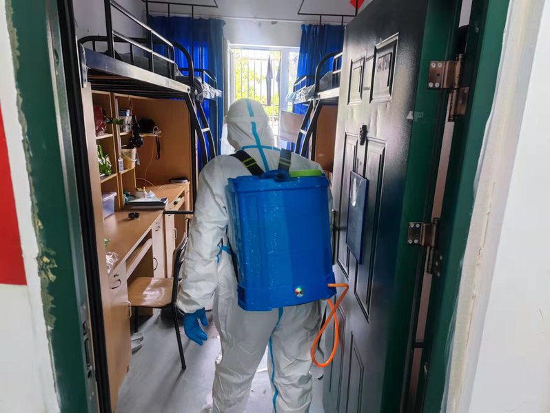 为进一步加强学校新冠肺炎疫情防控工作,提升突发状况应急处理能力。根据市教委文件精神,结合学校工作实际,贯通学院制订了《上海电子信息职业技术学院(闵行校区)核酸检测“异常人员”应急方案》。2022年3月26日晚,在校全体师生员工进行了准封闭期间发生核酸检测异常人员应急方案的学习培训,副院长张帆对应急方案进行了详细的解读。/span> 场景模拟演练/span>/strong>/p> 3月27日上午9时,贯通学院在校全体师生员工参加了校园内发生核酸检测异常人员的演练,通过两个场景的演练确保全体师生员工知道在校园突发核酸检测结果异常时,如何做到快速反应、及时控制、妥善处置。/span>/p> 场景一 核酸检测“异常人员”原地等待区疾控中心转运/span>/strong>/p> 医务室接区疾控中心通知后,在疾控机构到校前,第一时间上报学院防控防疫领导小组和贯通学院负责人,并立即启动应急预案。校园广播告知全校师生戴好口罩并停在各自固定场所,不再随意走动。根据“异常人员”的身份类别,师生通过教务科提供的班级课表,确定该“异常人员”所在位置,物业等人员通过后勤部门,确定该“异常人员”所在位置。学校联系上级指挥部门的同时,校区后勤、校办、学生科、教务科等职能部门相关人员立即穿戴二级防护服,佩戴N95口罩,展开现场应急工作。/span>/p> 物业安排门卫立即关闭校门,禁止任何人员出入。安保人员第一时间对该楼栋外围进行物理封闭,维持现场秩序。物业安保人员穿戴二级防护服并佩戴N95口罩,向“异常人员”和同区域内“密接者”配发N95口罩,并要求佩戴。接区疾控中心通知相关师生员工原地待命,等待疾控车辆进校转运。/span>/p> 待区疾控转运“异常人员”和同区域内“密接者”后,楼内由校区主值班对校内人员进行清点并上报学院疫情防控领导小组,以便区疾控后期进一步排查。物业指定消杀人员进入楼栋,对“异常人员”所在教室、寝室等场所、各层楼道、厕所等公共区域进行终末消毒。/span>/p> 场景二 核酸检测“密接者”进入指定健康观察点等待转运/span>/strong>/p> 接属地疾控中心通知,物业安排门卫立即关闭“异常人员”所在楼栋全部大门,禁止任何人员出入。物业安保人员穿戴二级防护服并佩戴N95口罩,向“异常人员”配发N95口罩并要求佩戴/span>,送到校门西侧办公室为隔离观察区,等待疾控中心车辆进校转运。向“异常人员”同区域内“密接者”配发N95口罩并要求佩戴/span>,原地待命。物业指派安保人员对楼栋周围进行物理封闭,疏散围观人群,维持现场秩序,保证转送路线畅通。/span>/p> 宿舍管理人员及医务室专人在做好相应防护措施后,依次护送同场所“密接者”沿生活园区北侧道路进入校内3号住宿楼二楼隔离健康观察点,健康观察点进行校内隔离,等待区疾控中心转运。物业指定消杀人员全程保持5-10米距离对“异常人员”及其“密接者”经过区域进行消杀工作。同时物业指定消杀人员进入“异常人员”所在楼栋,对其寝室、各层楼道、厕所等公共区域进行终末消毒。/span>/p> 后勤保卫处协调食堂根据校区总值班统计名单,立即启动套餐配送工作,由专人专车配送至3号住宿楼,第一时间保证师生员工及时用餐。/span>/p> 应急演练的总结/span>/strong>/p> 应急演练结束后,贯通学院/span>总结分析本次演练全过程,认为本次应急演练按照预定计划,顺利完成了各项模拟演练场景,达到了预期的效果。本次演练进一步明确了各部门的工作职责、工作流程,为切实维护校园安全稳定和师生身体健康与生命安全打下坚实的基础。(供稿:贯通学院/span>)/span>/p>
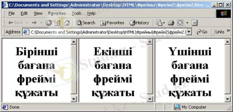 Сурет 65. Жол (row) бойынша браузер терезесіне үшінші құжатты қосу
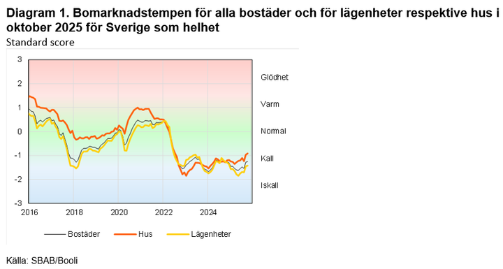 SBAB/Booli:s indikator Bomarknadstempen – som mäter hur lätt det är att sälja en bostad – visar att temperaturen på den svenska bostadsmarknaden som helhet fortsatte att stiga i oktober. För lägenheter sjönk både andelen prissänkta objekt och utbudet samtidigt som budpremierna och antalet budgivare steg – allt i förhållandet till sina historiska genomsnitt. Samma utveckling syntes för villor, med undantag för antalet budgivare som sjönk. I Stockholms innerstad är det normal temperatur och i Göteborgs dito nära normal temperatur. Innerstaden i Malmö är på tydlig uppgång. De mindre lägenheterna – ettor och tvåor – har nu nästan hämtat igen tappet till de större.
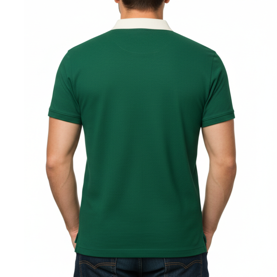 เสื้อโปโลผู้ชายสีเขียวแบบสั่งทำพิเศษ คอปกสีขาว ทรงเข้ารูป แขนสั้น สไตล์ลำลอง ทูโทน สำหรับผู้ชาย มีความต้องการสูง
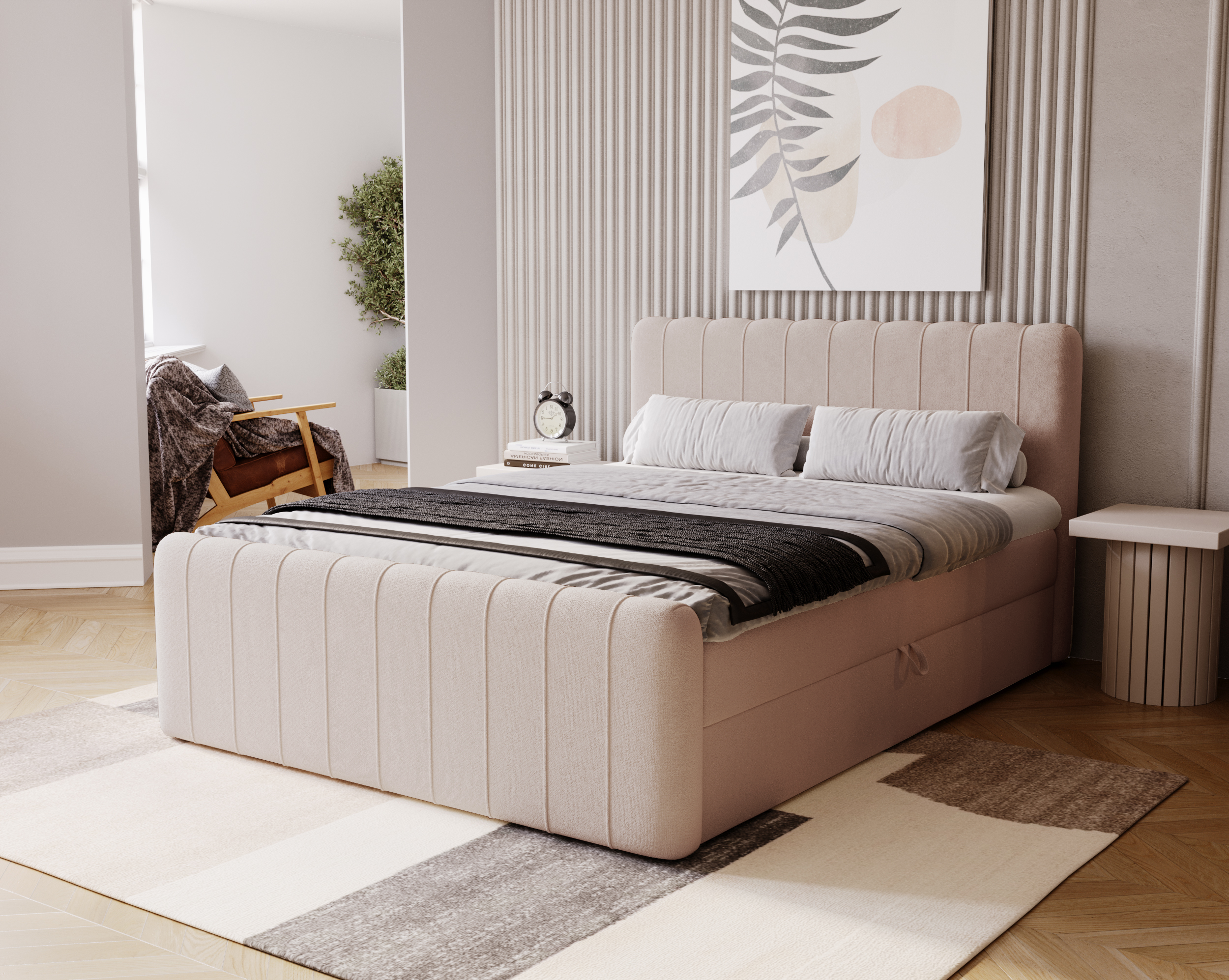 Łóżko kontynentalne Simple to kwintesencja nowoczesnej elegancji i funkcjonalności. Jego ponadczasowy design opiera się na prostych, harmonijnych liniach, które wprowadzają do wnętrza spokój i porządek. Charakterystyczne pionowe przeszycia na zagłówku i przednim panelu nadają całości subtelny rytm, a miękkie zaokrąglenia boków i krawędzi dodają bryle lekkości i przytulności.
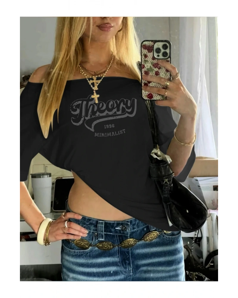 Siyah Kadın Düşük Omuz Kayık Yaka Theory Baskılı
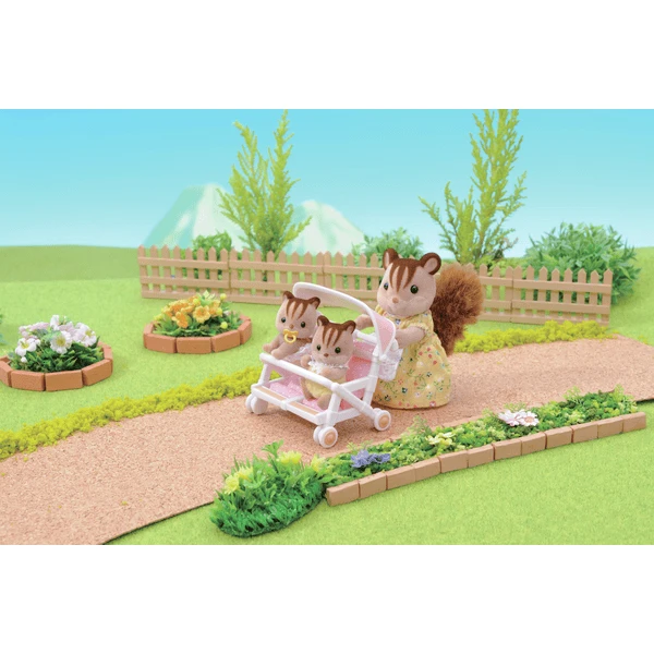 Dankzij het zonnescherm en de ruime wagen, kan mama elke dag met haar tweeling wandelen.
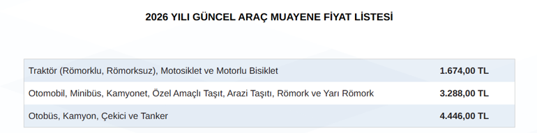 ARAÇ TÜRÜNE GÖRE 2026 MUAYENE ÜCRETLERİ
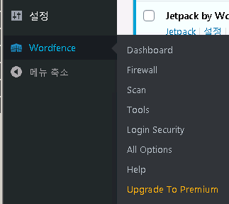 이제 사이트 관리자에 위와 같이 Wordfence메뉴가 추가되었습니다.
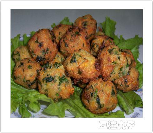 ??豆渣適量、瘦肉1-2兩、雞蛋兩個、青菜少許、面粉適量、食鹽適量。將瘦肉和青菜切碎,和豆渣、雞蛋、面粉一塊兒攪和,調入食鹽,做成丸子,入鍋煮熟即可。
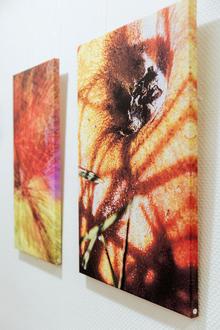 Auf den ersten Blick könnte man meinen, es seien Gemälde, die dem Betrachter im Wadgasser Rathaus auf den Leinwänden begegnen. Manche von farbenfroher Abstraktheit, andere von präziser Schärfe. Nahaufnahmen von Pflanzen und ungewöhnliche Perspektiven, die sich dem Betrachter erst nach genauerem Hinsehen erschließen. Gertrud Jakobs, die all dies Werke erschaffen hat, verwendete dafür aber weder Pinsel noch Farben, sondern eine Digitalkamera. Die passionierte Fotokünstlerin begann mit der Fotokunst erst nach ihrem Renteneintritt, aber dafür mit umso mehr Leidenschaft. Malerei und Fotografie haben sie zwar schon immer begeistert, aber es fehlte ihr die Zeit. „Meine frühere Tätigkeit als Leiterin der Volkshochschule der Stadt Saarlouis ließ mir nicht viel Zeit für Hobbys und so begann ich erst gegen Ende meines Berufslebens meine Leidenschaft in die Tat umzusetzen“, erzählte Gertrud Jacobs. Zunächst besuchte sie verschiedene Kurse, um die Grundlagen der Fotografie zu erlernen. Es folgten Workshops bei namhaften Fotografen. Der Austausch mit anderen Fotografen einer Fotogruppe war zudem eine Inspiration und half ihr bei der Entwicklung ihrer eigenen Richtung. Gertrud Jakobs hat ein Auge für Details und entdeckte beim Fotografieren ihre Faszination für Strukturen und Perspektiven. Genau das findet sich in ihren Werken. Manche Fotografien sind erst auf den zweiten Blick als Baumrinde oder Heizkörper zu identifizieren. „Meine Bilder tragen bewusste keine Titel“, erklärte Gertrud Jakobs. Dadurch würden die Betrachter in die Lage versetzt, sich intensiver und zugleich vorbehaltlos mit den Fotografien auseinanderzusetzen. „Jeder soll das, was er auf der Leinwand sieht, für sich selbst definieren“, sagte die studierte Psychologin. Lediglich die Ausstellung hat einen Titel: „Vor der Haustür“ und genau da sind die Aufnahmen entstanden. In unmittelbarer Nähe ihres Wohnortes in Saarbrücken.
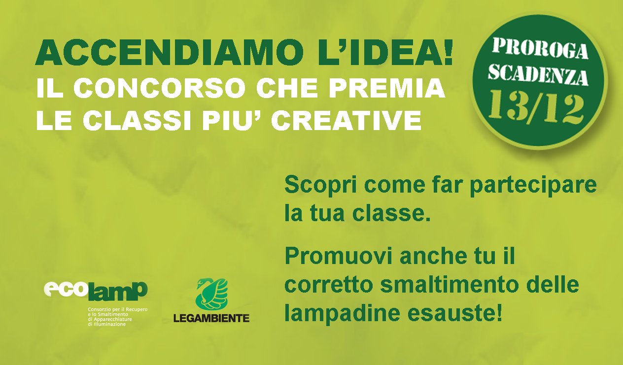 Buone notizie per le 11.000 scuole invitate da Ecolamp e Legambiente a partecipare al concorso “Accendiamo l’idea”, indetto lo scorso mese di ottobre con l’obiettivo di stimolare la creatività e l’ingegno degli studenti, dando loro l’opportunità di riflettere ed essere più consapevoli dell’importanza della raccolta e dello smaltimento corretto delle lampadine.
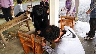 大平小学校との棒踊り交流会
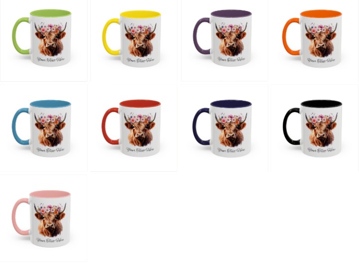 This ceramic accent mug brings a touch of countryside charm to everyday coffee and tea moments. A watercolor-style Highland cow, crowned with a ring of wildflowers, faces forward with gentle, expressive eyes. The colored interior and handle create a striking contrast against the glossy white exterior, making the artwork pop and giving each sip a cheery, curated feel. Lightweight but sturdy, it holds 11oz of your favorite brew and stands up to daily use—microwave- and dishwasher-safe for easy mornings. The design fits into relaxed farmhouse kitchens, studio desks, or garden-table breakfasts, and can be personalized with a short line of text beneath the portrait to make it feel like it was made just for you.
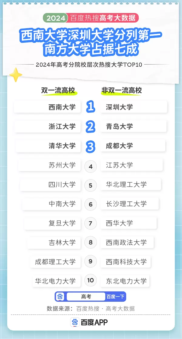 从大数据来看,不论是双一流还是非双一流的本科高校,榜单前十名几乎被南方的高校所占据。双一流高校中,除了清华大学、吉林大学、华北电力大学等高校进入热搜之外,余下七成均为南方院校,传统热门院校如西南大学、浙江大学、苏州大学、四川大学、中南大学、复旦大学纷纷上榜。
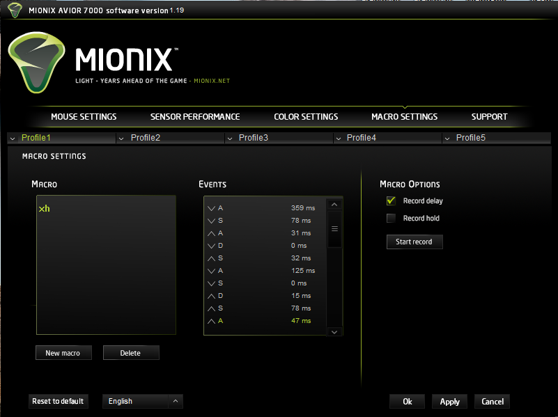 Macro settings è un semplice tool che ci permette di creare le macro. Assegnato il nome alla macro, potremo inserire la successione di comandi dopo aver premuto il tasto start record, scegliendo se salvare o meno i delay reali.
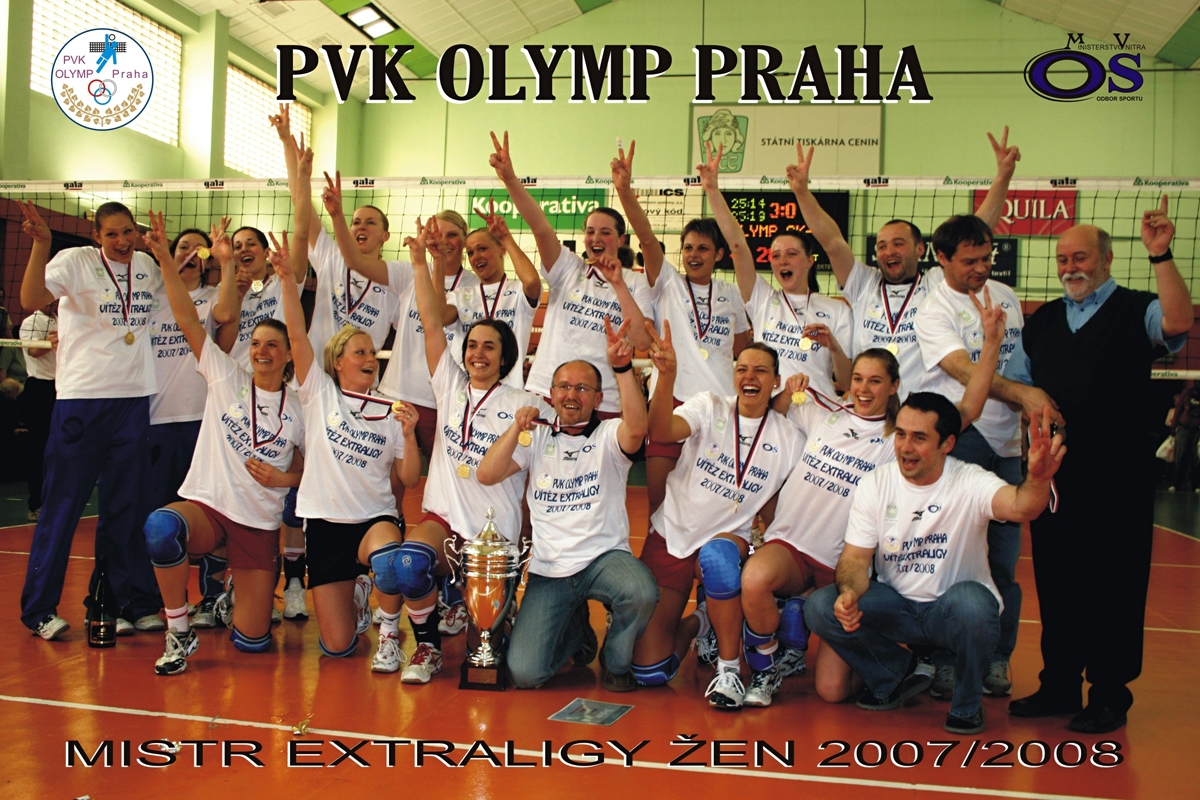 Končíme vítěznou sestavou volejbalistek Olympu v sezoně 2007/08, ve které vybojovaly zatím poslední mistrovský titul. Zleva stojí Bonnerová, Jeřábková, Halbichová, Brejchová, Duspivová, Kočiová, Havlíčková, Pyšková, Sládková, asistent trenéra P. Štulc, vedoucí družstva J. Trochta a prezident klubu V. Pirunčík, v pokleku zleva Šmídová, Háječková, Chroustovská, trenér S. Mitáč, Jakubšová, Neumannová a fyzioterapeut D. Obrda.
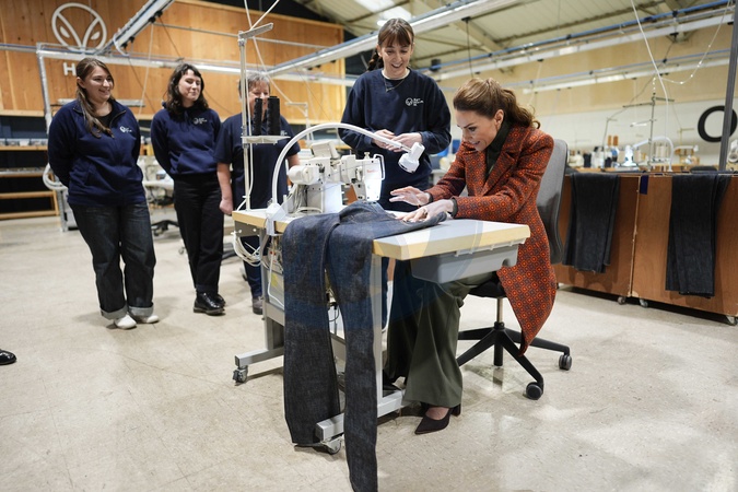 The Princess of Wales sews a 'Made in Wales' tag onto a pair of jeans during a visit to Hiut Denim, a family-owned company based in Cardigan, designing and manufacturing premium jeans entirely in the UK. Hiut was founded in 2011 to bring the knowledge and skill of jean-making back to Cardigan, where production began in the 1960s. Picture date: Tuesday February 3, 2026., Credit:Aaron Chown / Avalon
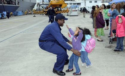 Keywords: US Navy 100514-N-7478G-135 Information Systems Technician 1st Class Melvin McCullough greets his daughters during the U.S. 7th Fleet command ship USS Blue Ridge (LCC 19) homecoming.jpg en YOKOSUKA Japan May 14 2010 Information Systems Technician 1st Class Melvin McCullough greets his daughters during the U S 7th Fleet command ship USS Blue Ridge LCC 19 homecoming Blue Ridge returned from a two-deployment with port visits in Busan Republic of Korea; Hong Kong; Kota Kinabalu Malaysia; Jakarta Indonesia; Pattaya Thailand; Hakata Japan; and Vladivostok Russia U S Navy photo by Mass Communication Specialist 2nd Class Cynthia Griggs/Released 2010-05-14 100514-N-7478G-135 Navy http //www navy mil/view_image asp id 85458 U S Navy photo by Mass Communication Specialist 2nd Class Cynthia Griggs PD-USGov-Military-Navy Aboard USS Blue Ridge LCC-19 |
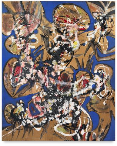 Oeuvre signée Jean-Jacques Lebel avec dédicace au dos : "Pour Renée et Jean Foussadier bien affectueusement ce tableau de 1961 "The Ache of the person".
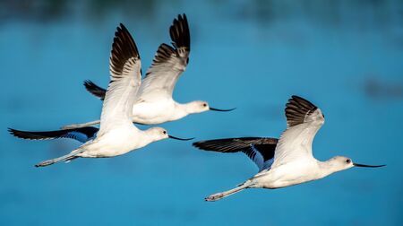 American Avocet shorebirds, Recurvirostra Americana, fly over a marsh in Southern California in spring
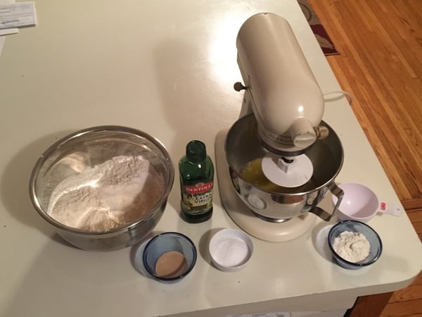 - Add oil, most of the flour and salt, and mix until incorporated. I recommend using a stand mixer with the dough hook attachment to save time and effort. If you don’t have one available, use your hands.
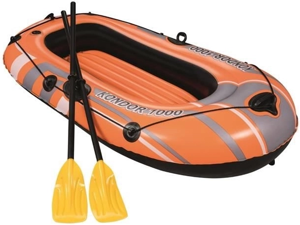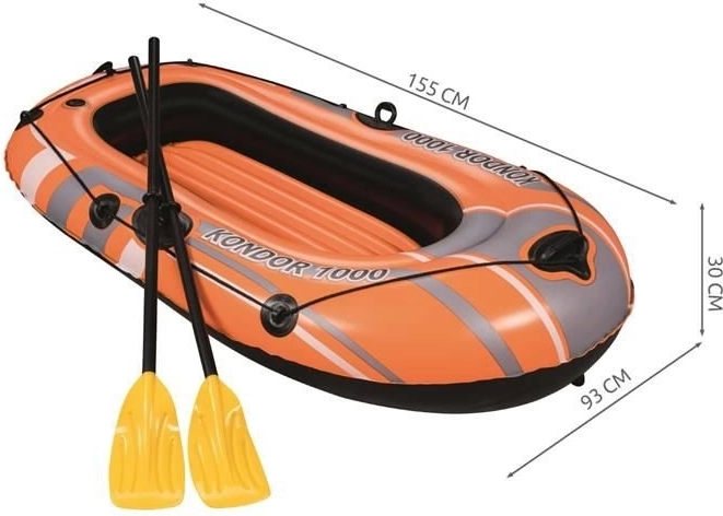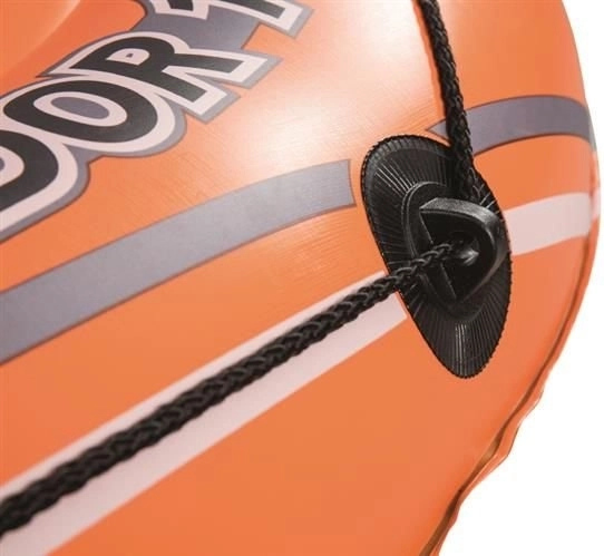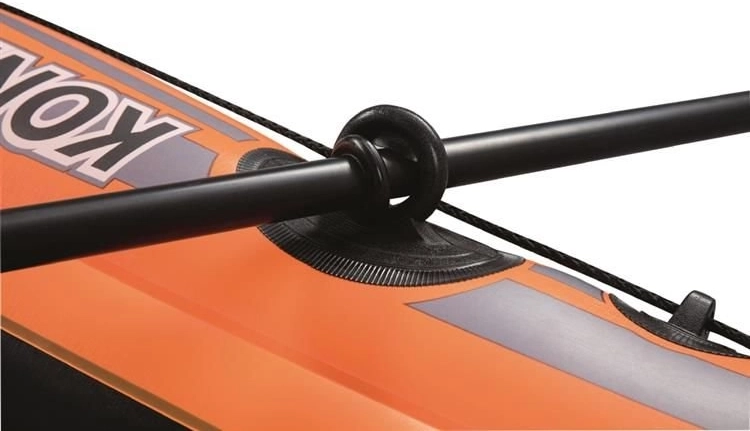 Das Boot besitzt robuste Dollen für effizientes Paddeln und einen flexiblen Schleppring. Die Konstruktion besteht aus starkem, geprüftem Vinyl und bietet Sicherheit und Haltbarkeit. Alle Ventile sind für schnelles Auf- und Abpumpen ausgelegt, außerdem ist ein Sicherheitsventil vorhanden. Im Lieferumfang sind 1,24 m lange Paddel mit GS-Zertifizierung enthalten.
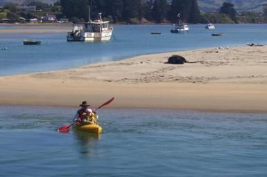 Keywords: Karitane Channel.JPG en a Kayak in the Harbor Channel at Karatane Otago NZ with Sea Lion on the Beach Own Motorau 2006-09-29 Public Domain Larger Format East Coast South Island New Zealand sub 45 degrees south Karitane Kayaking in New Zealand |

★ ★ ★ ★ ★

EXERCISE REQUIREMENTS
Return exactly the lines above, from the one with "Macro settings è" up to and including the one with "Končíme vítěznou sestavou", and include no pictures.

OUTPUT FOR THIS TASK
 Macro settings è un semplice tool che ci permette di creare le macro. Assegnato il nome alla macro, potremo inserire la successione di comandi dopo aver premuto il tasto start record, scegliendo se salvare o meno i delay reali.
 Končíme vítěznou sestavou volejbalistek Olympu v sezoně 2007/08, ve které vybojovaly zatím poslední mistrovský titul. Zleva stojí Bonnerová, Jeřábková, Halbichová, Brejchová, Duspivová, Kočiová, Havlíčková, Pyšková, Sládková, asistent trenéra P. Štulc, vedoucí družstva J. Trochta a prezident klubu V. Pirunčík, v pokleku zleva Šmídová, Háječková, Chroustovská, trenér S. Mitáč, Jakubšová, Neumannová a fyzioterapeut D. Obrda.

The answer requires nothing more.